- What you should do
Below are the entries. Print only the lines starting at the one with "古箏班學生 5/19/18 在" and ending at the one with "A grim-faced American", exactly, with no pictures.

- Extracted material
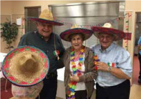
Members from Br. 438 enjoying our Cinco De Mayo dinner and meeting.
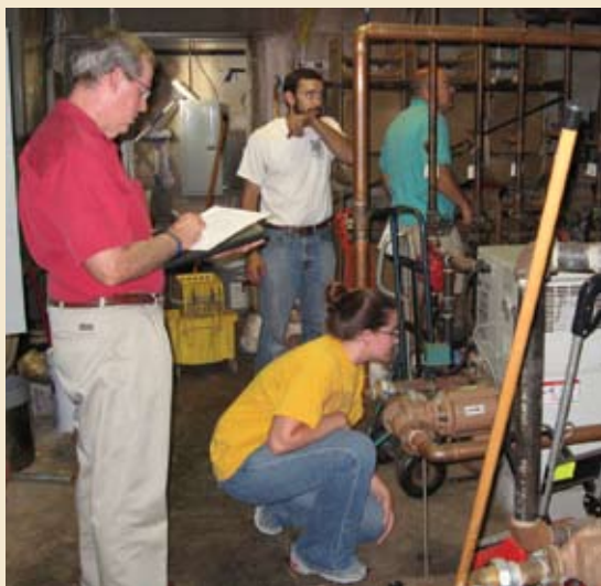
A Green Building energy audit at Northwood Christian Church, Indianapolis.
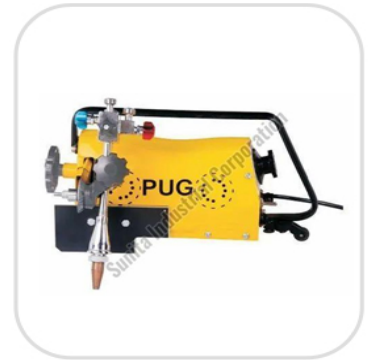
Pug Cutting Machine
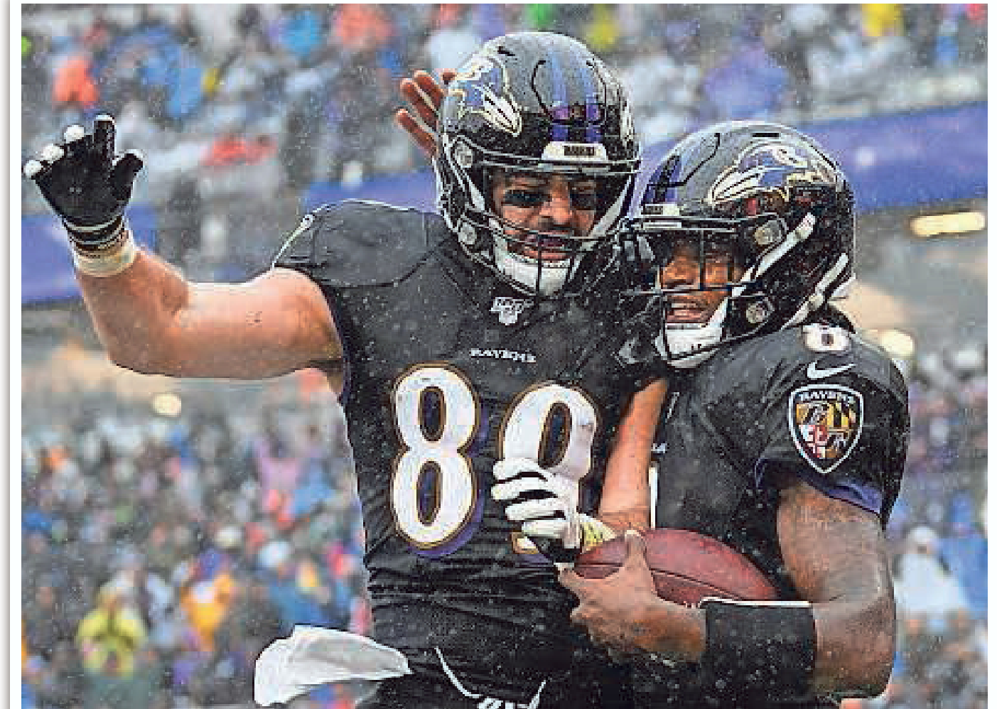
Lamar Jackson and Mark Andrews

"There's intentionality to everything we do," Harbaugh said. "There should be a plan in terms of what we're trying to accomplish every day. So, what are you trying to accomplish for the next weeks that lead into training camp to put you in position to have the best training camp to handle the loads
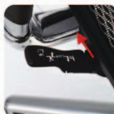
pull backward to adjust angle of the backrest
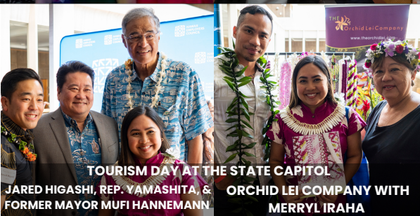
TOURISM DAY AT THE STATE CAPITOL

--

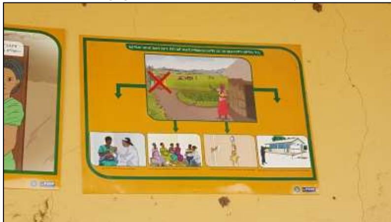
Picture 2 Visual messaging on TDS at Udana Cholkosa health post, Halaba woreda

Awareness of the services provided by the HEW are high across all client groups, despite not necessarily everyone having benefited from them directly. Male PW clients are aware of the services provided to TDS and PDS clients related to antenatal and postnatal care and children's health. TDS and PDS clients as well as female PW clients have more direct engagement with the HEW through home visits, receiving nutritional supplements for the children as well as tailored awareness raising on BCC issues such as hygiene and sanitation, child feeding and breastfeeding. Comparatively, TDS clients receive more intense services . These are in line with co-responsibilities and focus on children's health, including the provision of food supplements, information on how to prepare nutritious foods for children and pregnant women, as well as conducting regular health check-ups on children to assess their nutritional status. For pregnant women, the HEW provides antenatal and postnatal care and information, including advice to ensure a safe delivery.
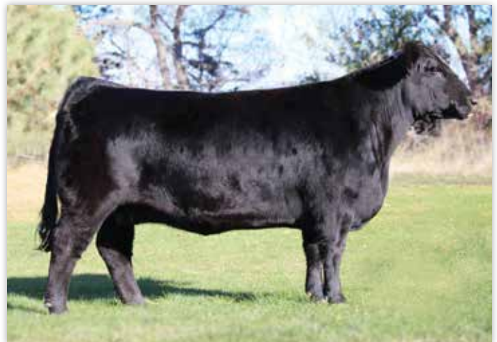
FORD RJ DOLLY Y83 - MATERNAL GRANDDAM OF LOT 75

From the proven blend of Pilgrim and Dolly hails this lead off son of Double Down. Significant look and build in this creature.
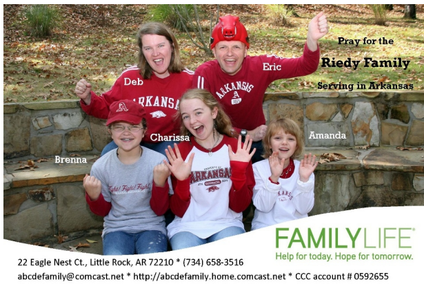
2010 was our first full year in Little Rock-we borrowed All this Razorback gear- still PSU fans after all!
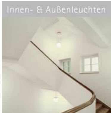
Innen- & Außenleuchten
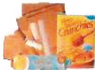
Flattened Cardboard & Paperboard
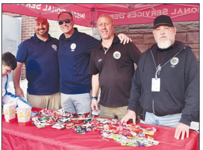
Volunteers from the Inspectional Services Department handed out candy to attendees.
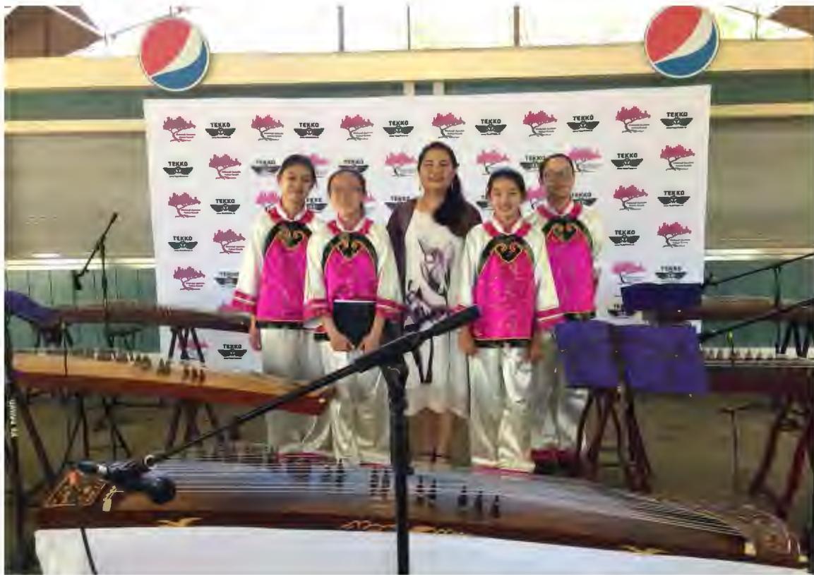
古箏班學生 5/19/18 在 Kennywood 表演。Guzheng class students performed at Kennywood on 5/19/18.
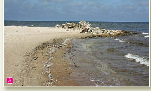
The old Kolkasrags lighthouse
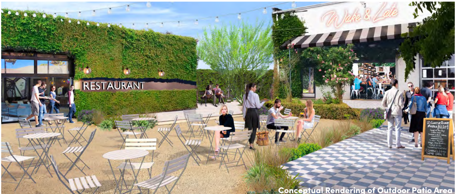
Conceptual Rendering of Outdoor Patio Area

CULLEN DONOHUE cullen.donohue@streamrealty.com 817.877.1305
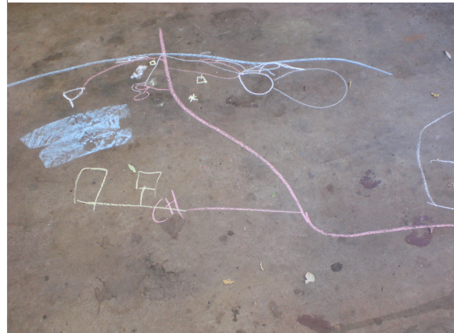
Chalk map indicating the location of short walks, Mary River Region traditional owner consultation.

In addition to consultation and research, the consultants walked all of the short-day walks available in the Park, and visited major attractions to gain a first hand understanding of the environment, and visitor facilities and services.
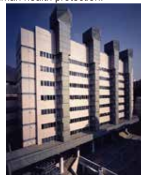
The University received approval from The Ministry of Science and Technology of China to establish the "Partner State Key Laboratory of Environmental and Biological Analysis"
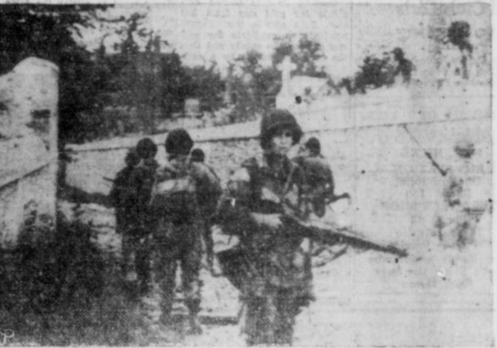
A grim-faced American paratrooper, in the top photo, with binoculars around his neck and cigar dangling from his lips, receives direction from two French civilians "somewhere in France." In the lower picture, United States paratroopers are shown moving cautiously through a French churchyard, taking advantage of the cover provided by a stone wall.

--

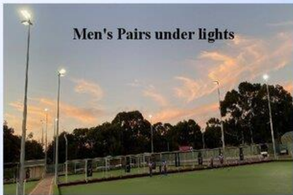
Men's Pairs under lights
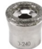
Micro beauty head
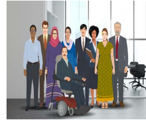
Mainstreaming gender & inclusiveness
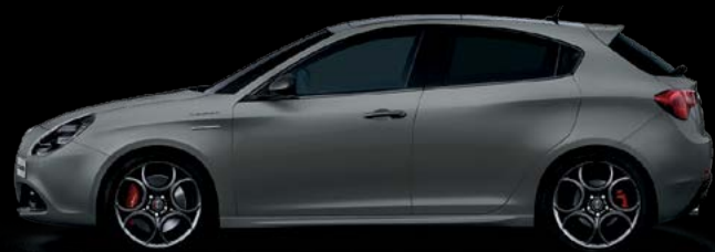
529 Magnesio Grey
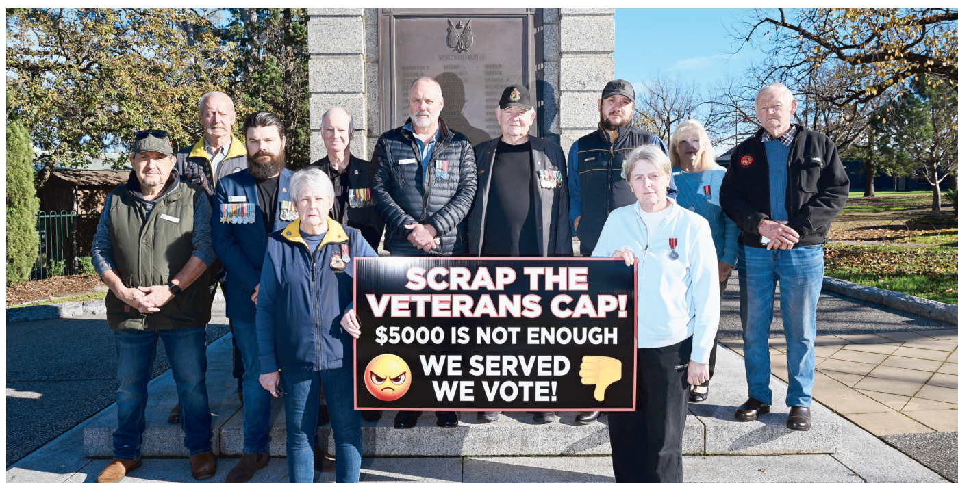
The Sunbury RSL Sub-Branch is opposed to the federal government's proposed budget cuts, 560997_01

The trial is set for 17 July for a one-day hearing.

- Written solution
古箏班學生 5/19/18 在 Kennywood 表演。Guzheng class students performed at Kennywood on 5/19/18.
The old Kolkasrags lighthouse
Conceptual Rendering of Outdoor Patio Area

CULLEN DONOHUE cullen.donohue@streamrealty.com 817.877.1305
Chalk map indicating the location of short walks, Mary River Region traditional owner consultation.

In addition to consultation and research, the consultants walked all of the short-day walks available in the Park, and visited major attractions to gain a first hand understanding of the environment, and visitor facilities and services.
The University received approval from The Ministry of Science and Technology of China to establish the "Partner State Key Laboratory of Environmental and Biological Analysis"
A grim-faced American paratrooper, in the top photo, with binoculars around his neck and cigar dangling from his lips, receives direction from two French civilians "somewhere in France." In the lower picture, United States paratroopers are shown moving cautiously through a French churchyard, taking advantage of the cover provided by a stone wall.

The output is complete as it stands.